| Records provided |

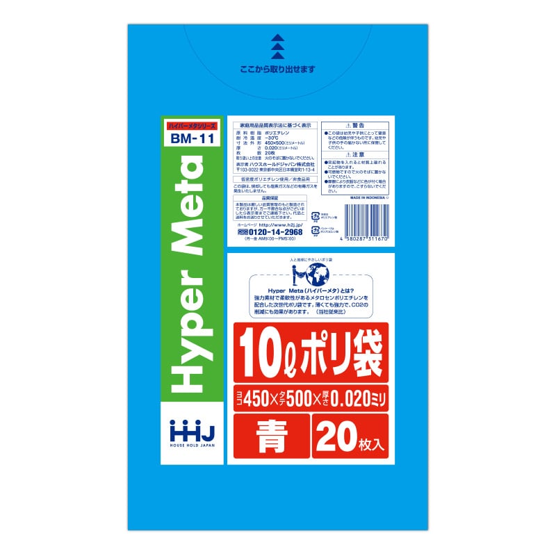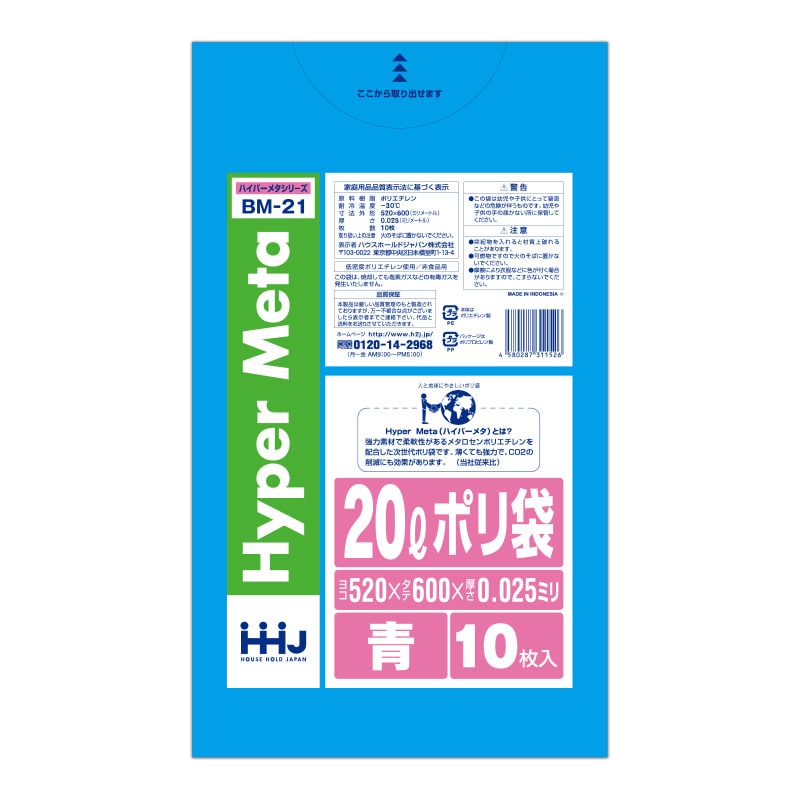 ハウスホールドジャパン ポリ袋 45L BM51 青 10枚入 1冊(ご注文単位80冊)【直送品】
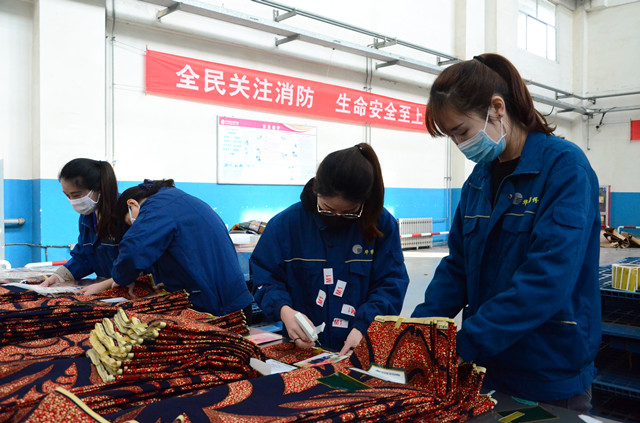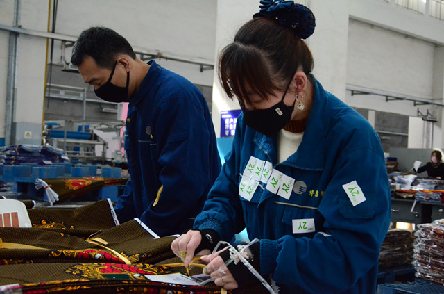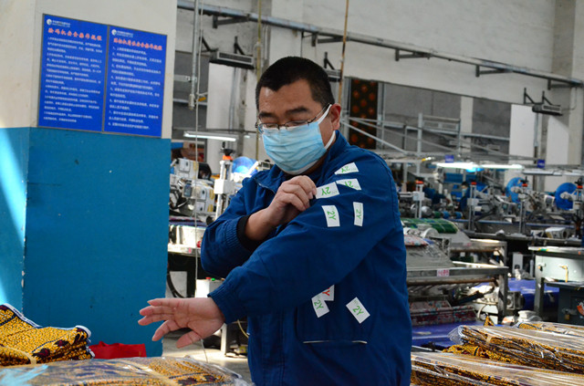 在公司印染整装车间,员工们为了使工作效率更高,将商标的标签事先集中临时粘在工装的胸前、衣袖等处,干起活来不仅顺手,而且提高了产品包装速度。他(她)们很阳光地调侃说,这是特殊的服“饰”呢!
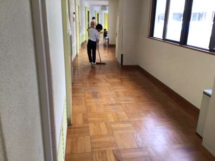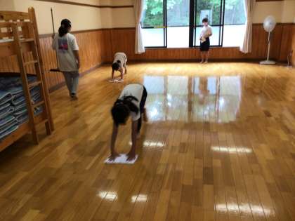 お世話になった宿泊棟に感謝し、清掃活動です。
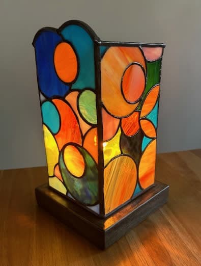 “I was smitten early,” says Carol Lawrenz, an artist from the advanced classes, who initially enrolled in stained glass because her daughter thought it would be fun to do together. She goes on to say, “Stained glass opens so many avenues of creativity. I have more ideas than time to do them.”
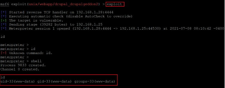 Command used: <<use exploit/unix/webapp/drupal_drupalgeddon2>>
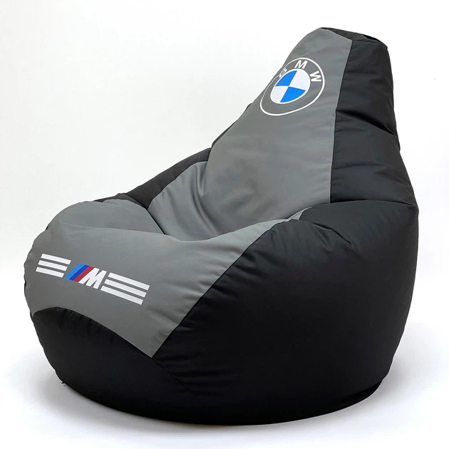Крісло мішок Elegant 130 см х 90 см чорний + сірий BMW + подушечка Flex Oksford
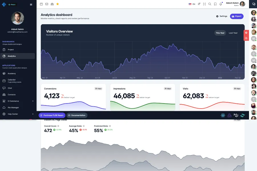 Whether you want to know how many due tasks there are, your budget summary or an overview of what your team members are doing, this clean and unique template does it on point. It’s incredibly flexible too with 10 apps that are built-in and is multi-language ready. You can choose how you want it to look from the 6 template layouts, 15 content layouts, and 18-page designs. Make your dashboard perfect for you. Any problem, you get premium support and updates are frequent and free. The responsiveness and the 3 dashboards will serve your every need.
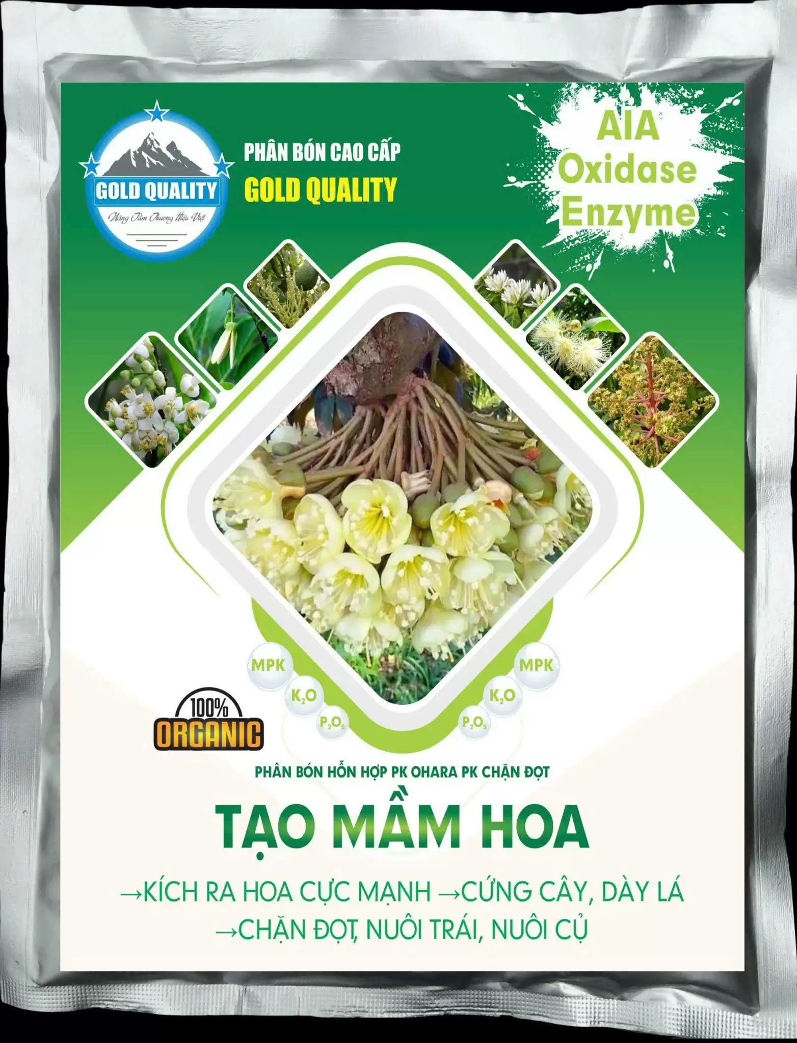 CÔNG DỤNG:– Tạo mầm hoa cực tốt, bung hoa mạnh. – Giúp hạt phấn sống lâu, tăng tối đa khả năng đậu trái. – Chống rụng bông, trái non do thiếu hụt dinh dưỡng hoặc do thời tiết bất lợi. Cung cấp đầy đủ các khoáng chất cần thiết trong giai đoạn tạo mầm hoa, đậu...
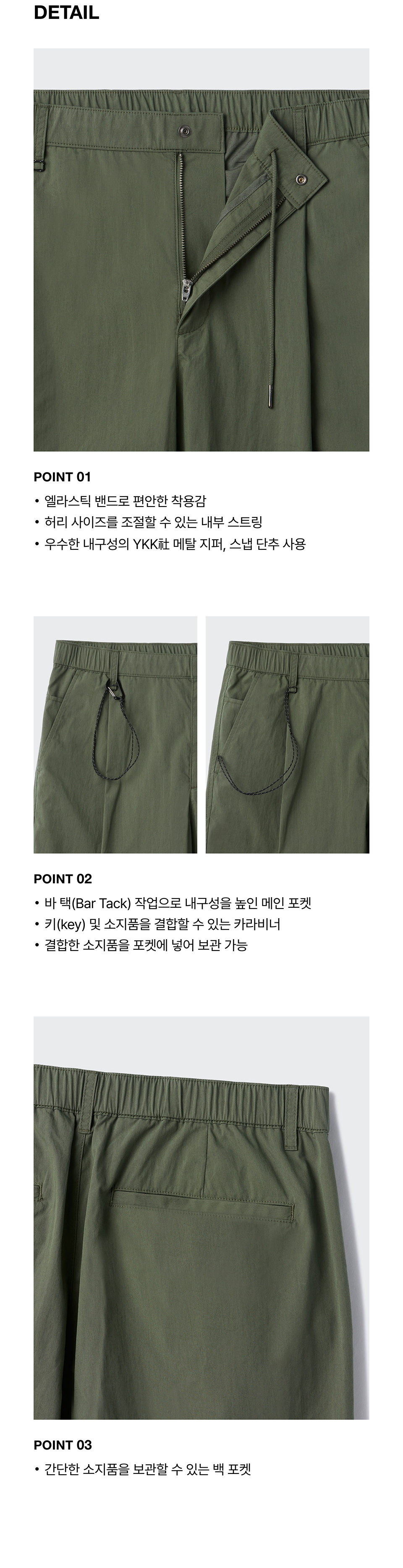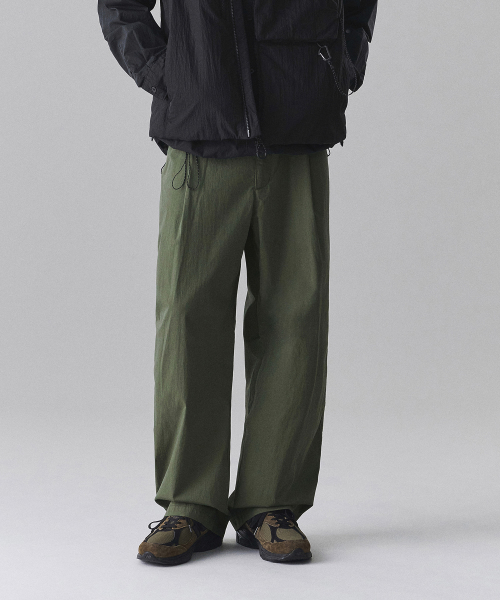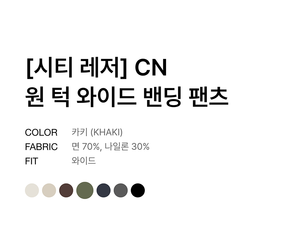 [시티 레저] CN 원 턱 와이드 밴딩 팬츠 [카키]
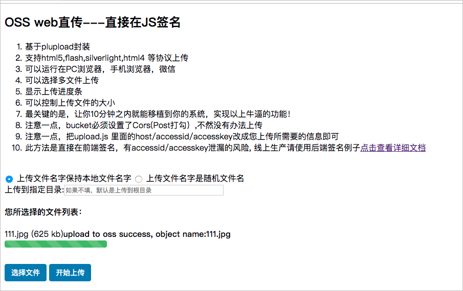 步骤3:使用Web端直传实践方案Demo进行上传测试
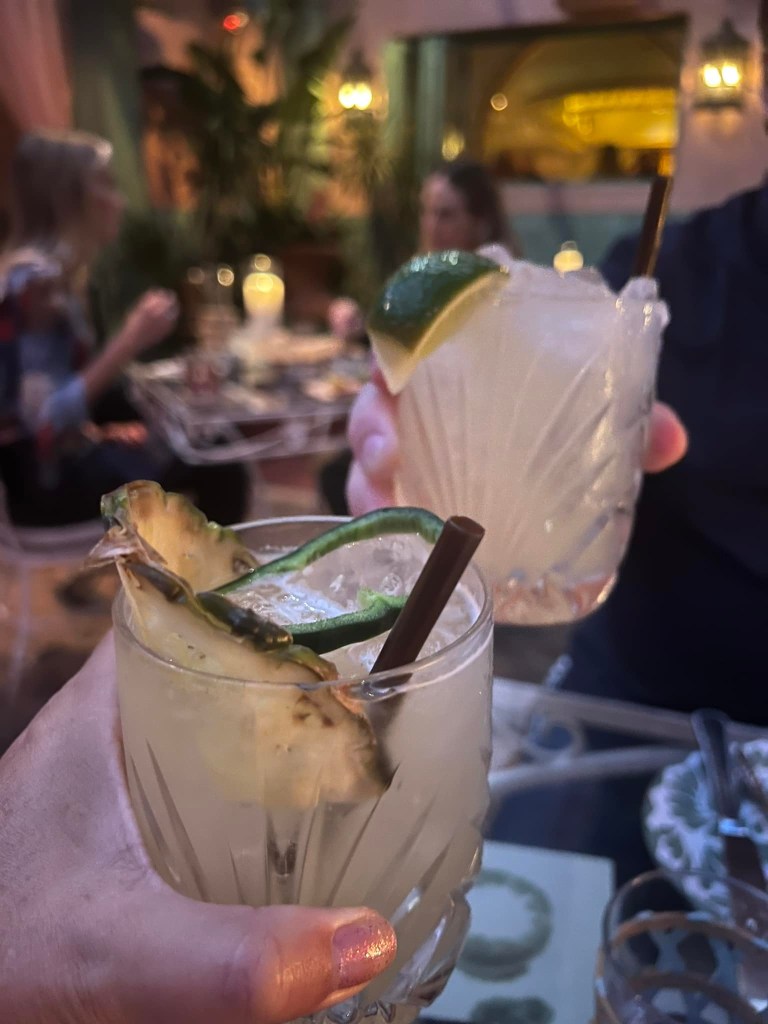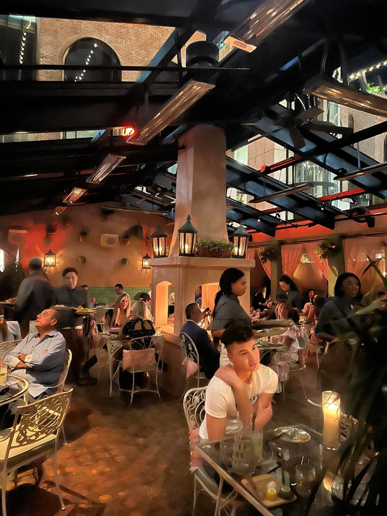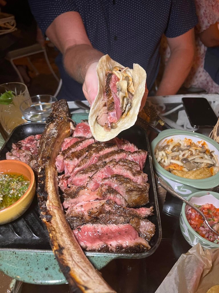 While we overheard actors discussing their career moves, Ryan Phillippe was behind us dining with his boys and Ricky Gervais or his lookalike appeared in our tomahawk steak video. The tables surrounding us were filled with uber gorgeous women sharing tantalizing generous farmer’s market fresh salads and sliced filet mignon, couples cheers-ing over romantic dates with Moscow Mules in ceramic mule mugs nonetheless, and what looked like a graduation or birthday celebration where a teen opened a new skateboard. The whole vibe was rustic gorgeous and less pretentious than most 90210 restaurants. This post-pandemic world seems to be moving towards this sense of easiness – where a rustic tile patio with salmon curtained cabanas is centered by a central open stucco fireplace, tropical foliage, and wrought iron tables and chairs with cute colorful pillows. Add in custom-made Televara stoneware pieces and Mexican ceramic plate ware and it just feels right. Doesn’t everyone want to be transported to Baja, so close to LA?
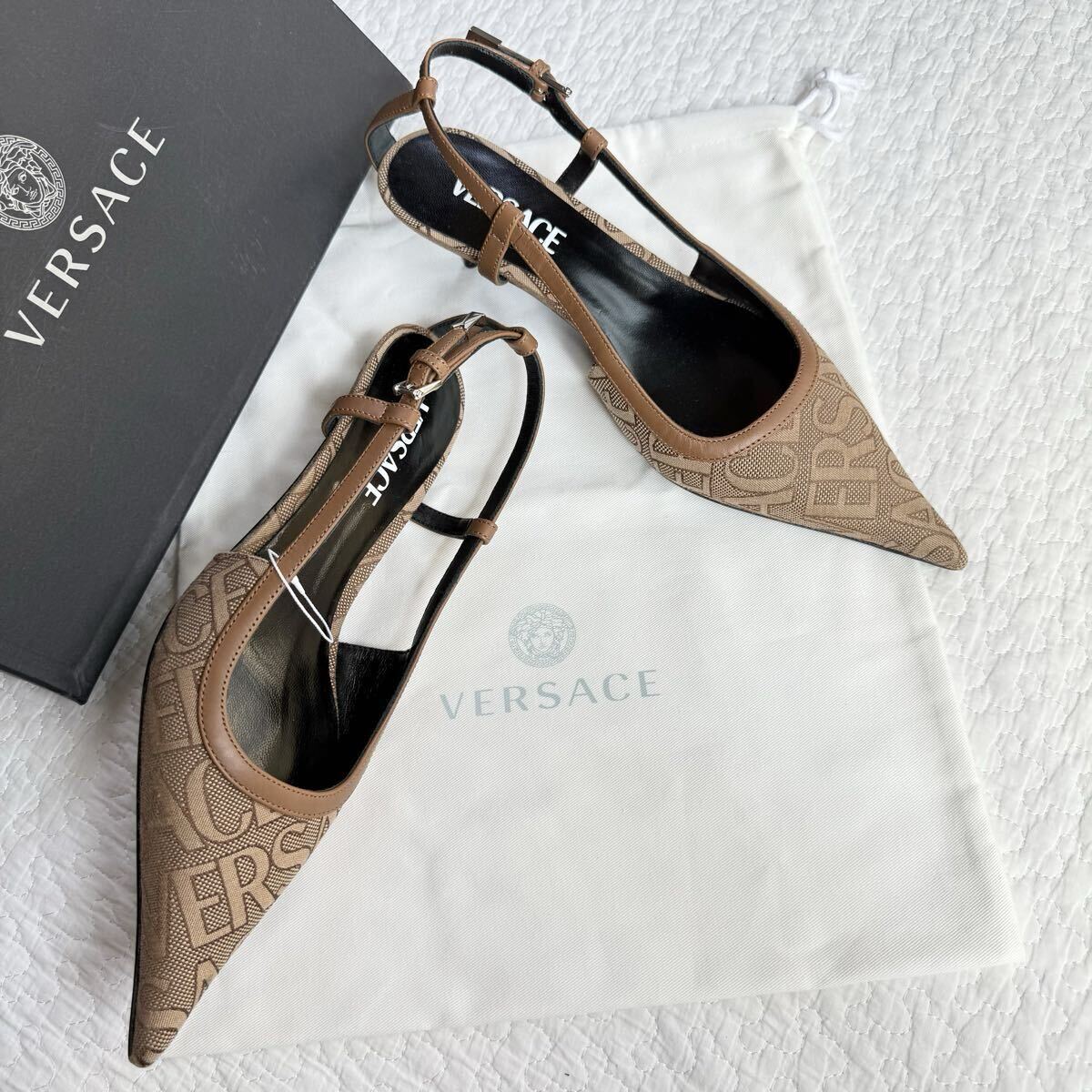 - 未使用 Versace ヴェルサーチェ パンプス オールオーバー スリングバック キャンバスサンダル 36 23cm
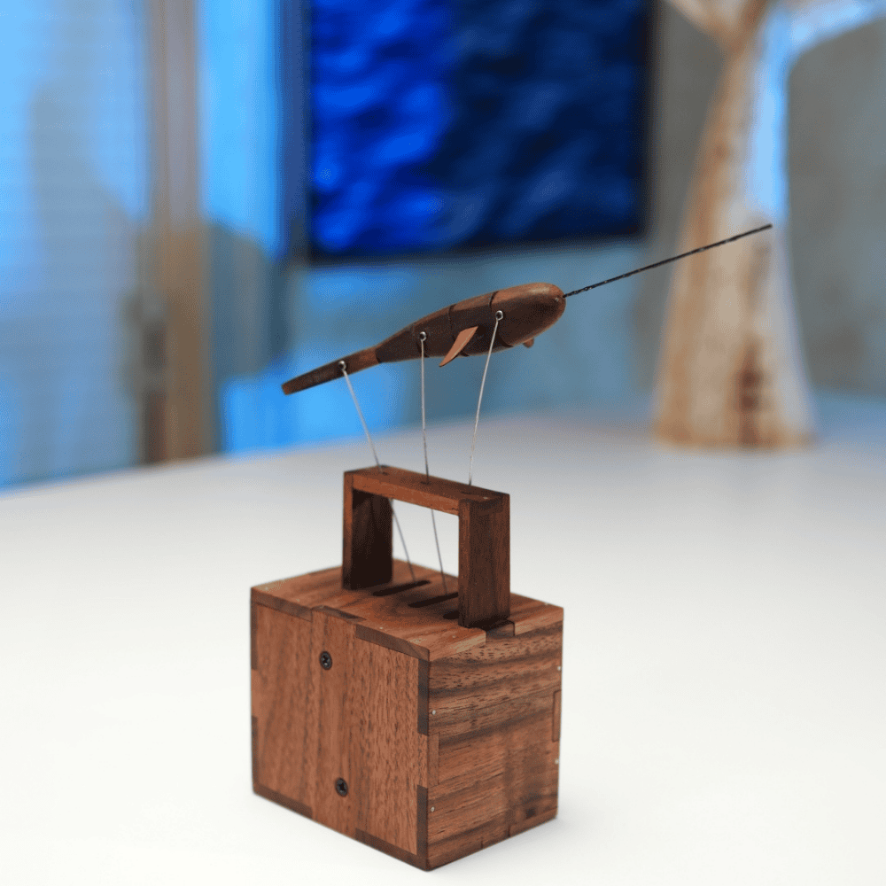 Apportez le rythme des profondeurs marines dans votre espace. Notre baleine en noyer—propulsée par un moteur silencieux et des engrenages imbriqués—monte et descend dans un mouvement lent et tidal, transformant le bruit mental en une cadence régulière et respirante.
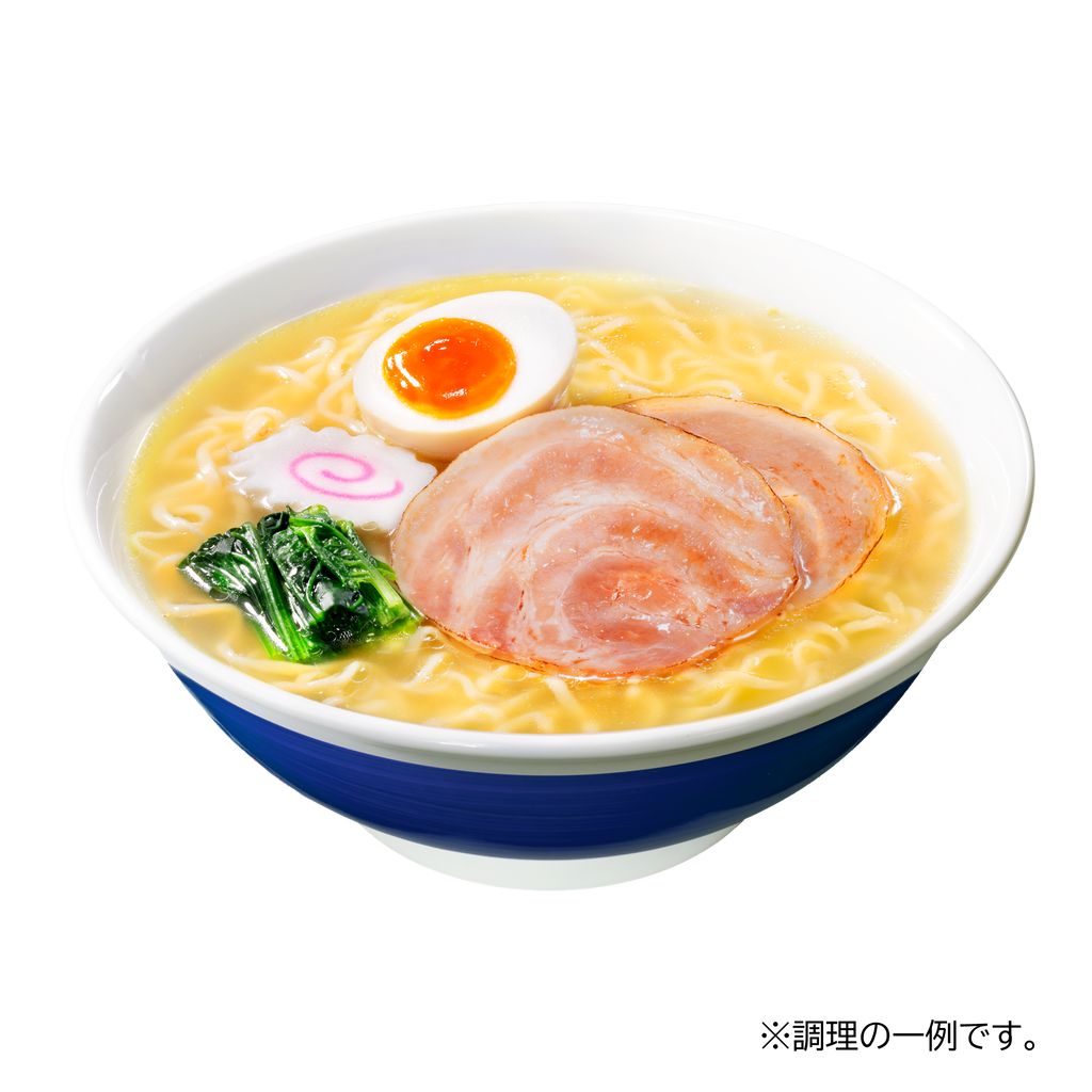 北海道産ホタテだしを増量してリニューアル!鶏ベースの澄んだスープに、より風味豊かになったホタテのコクが溶け出して、もっとおいしい!こだわりスープの函館しおラーメン。

| Work required |
Your answer must be every record above, word for word, with no pictures.

| Problem solution |
 ハウスホールドジャパン ポリ袋 45L BM51 青 10枚入 1冊(ご注文単位80冊)【直送品】
 在公司印染整装车间,员工们为了使工作效率更高,将商标的标签事先集中临时粘在工装的胸前、衣袖等处,干起活来不仅顺手,而且提高了产品包装速度。他(她)们很阳光地调侃说,这是特殊的服“饰”呢!
 お世話になった宿泊棟に感謝し、清掃活動です。
 “I was smitten early,” says Carol Lawrenz, an artist from the advanced classes, who initially enrolled in stained glass because her daughter thought it would be fun to do together. She goes on to say, “Stained glass opens so many avenues of creativity. I have more ideas than time to do them.”
 Command used: <<use exploit/unix/webapp/drupal_drupalgeddon2>>
Крісло мішок Elegant 130 см х 90 см чорний + сірий BMW + подушечка Flex Oksford
 Whether you want to know how many due tasks there are, your budget summary or an overview of what your team members are doing, this clean and unique template does it on point. It’s incredibly flexible too with 10 apps that are built-in and is multi-language ready. You can choose how you want it to look from the 6 template layouts, 15 content layouts, and 18-page designs. Make your dashboard perfect for you. Any problem, you get premium support and updates are frequent and free. The responsiveness and the 3 dashboards will serve your every need.
 CÔNG DỤNG:– Tạo mầm hoa cực tốt, bung hoa mạnh. – Giúp hạt phấn sống lâu, tăng tối đa khả năng đậu trái. – Chống rụng bông, trái non do thiếu hụt dinh dưỡng hoặc do thời tiết bất lợi. Cung cấp đầy đủ các khoáng chất cần thiết trong giai đoạn tạo mầm hoa, đậu...
 [시티 레저] CN 원 턱 와이드 밴딩 팬츠 [카키]
 步骤3:使用Web端直传实践方案Demo进行上传测试
 While we overheard actors discussing their career moves, Ryan Phillippe was behind us dining with his boys and Ricky Gervais or his lookalike appeared in our tomahawk steak video. The tables surrounding us were filled with uber gorgeous women sharing tantalizing generous farmer’s market fresh salads and sliced filet mignon, couples cheers-ing over romantic dates with Moscow Mules in ceramic mule mugs nonetheless, and what looked like a graduation or birthday celebration where a teen opened a new skateboard. The whole vibe was rustic gorgeous and less pretentious than most 90210 restaurants. This post-pandemic world seems to be moving towards this sense of easiness – where a rustic tile patio with salmon curtained cabanas is centered by a central open stucco fireplace, tropical foliage, and wrought iron tables and chairs with cute colorful pillows. Add in custom-made Televara stoneware pieces and Mexican ceramic plate ware and it just feels right. Doesn’t everyone want to be transported to Baja, so close to LA?
 - 未使用 Versace ヴェルサーチェ パンプス オールオーバー スリングバック キャンバスサンダル 36 23cm
 Apportez le rythme des profondeurs marines dans votre espace. Notre baleine en noyer—propulsée par un moteur silencieux et des engrenages imbriqués—monte et descend dans un mouvement lent et tidal, transformant le bruit mental en une cadence régulière et respirante.
 北海道産ホタテだしを増量してリニューアル!鶏ベースの澄んだスープに、より風味豊かになったホタテのコクが溶け出して、もっとおいしい!こだわりスープの函館しおラーメン。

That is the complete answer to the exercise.